▶ [TO DO]: Go to the line below that has "The last date", print it and each line after it exactly, and stop after the line that has "6月16日上午,外国语学院2"; leave out pictures.

▶ [LISTED ENTRIES]:
____
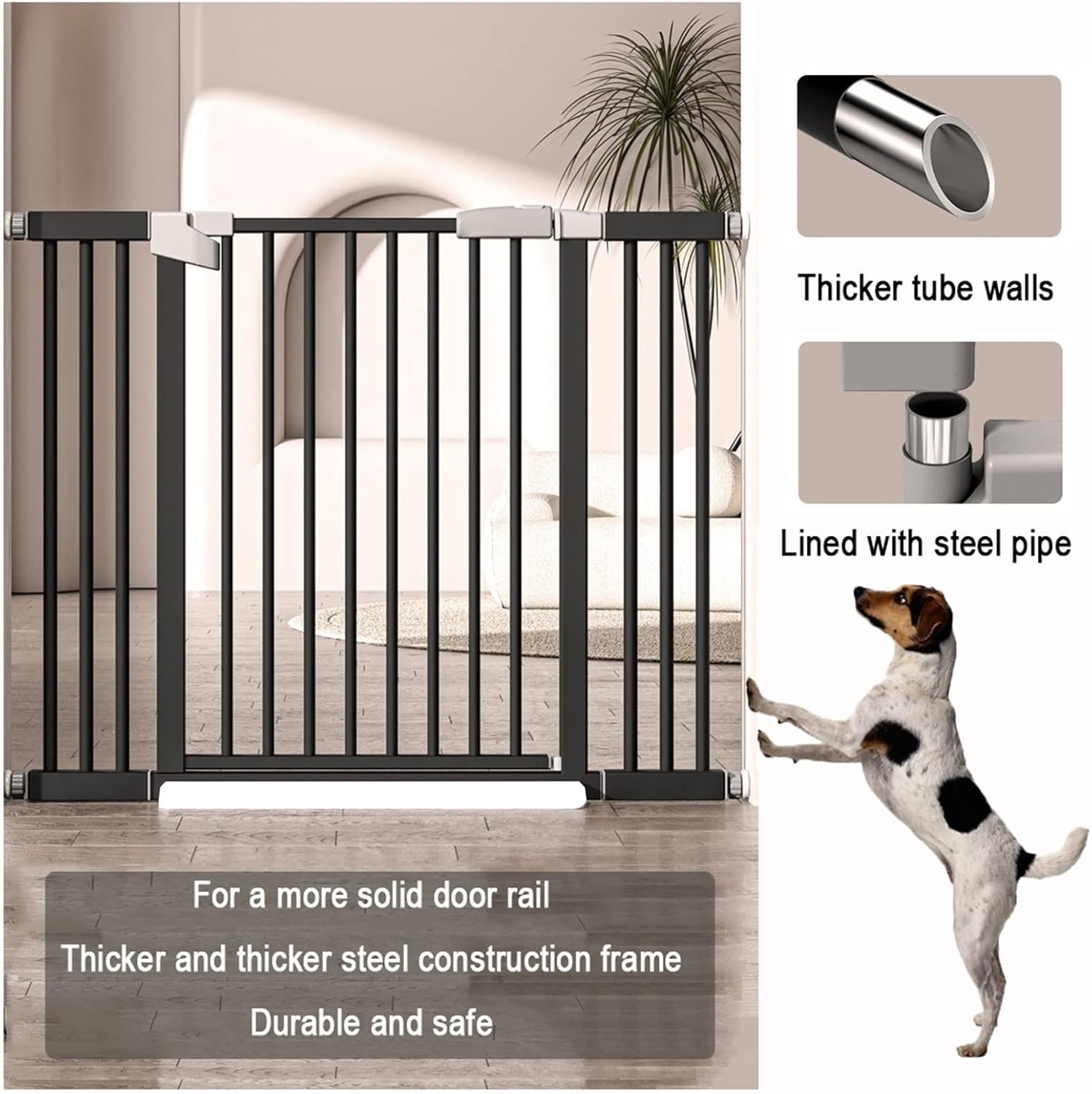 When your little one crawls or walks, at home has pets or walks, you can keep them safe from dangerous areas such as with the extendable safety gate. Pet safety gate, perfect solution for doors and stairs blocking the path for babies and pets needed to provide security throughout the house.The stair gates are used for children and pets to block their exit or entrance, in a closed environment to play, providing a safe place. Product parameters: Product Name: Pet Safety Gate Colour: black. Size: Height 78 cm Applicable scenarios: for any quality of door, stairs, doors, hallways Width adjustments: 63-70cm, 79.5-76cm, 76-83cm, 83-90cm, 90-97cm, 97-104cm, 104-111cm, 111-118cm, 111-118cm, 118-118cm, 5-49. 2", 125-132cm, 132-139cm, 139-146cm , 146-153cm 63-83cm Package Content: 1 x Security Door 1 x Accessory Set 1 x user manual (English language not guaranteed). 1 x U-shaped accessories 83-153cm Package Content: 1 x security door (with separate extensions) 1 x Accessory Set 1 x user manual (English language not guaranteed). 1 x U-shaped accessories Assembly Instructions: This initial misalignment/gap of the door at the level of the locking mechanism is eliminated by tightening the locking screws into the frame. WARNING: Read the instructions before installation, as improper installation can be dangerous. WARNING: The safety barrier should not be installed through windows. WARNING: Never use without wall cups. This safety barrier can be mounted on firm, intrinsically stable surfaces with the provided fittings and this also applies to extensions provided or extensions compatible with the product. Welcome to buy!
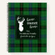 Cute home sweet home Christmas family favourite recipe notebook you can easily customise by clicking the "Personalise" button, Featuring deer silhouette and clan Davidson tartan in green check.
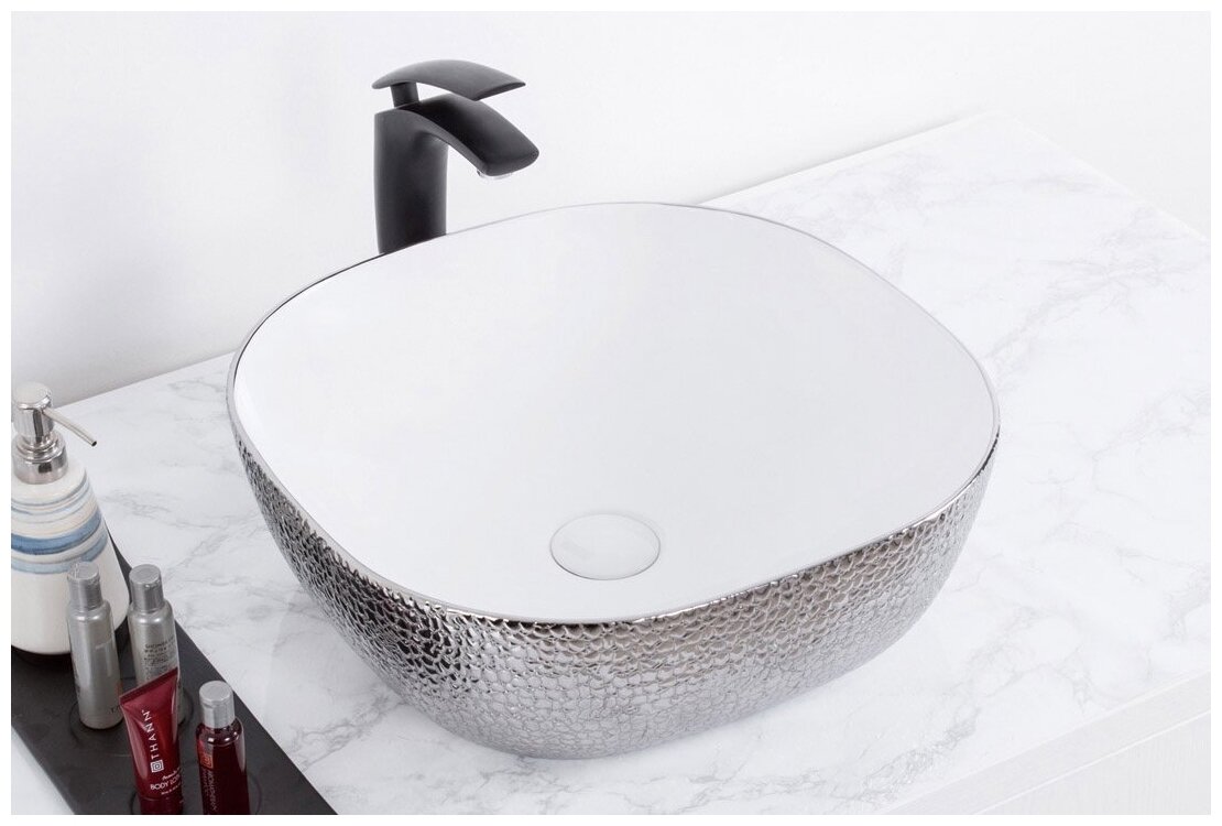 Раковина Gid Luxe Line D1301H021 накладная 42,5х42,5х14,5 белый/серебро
____
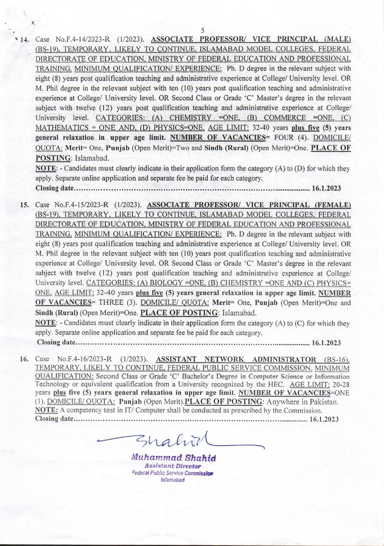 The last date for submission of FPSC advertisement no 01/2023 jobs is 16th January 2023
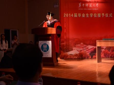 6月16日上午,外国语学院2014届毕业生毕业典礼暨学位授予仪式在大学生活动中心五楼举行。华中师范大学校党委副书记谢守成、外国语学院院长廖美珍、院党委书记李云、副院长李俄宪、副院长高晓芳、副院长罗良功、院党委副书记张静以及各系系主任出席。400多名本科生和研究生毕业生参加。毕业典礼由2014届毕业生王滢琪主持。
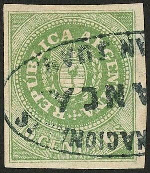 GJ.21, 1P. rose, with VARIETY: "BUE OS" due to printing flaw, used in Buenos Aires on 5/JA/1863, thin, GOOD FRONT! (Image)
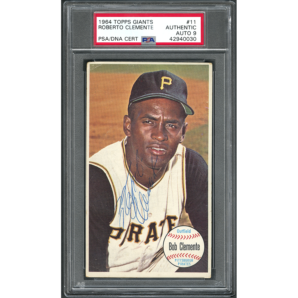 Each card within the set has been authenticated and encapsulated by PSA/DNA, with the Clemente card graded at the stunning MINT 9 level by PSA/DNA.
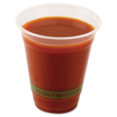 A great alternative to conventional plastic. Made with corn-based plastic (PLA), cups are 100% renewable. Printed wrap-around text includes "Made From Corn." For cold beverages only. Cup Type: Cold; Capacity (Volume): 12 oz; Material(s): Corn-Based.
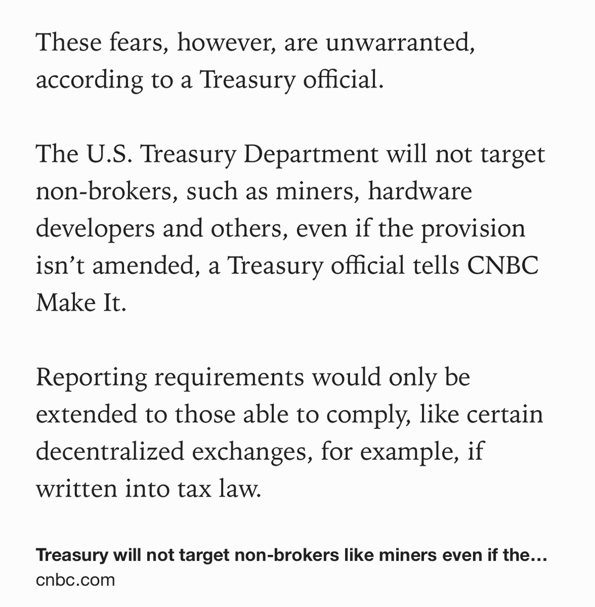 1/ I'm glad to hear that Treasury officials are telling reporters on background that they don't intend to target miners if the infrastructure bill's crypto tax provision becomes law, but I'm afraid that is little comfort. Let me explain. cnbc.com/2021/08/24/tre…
____
▶ [OUTPUT]:
 The last date for submission of FPSC advertisement no 01/2023 jobs is 16th January 2023
 6月16日上午,外国语学院2014届毕业生毕业典礼暨学位授予仪式在大学生活动中心五楼举行。华中师范大学校党委副书记谢守成、外国语学院院长廖美珍、院党委书记李云、副院长李俄宪、副院长高晓芳、副院长罗良功、院党委副书记张静以及各系系主任出席。400多名本科生和研究生毕业生参加。毕业典礼由2014届毕业生王滢琪主持。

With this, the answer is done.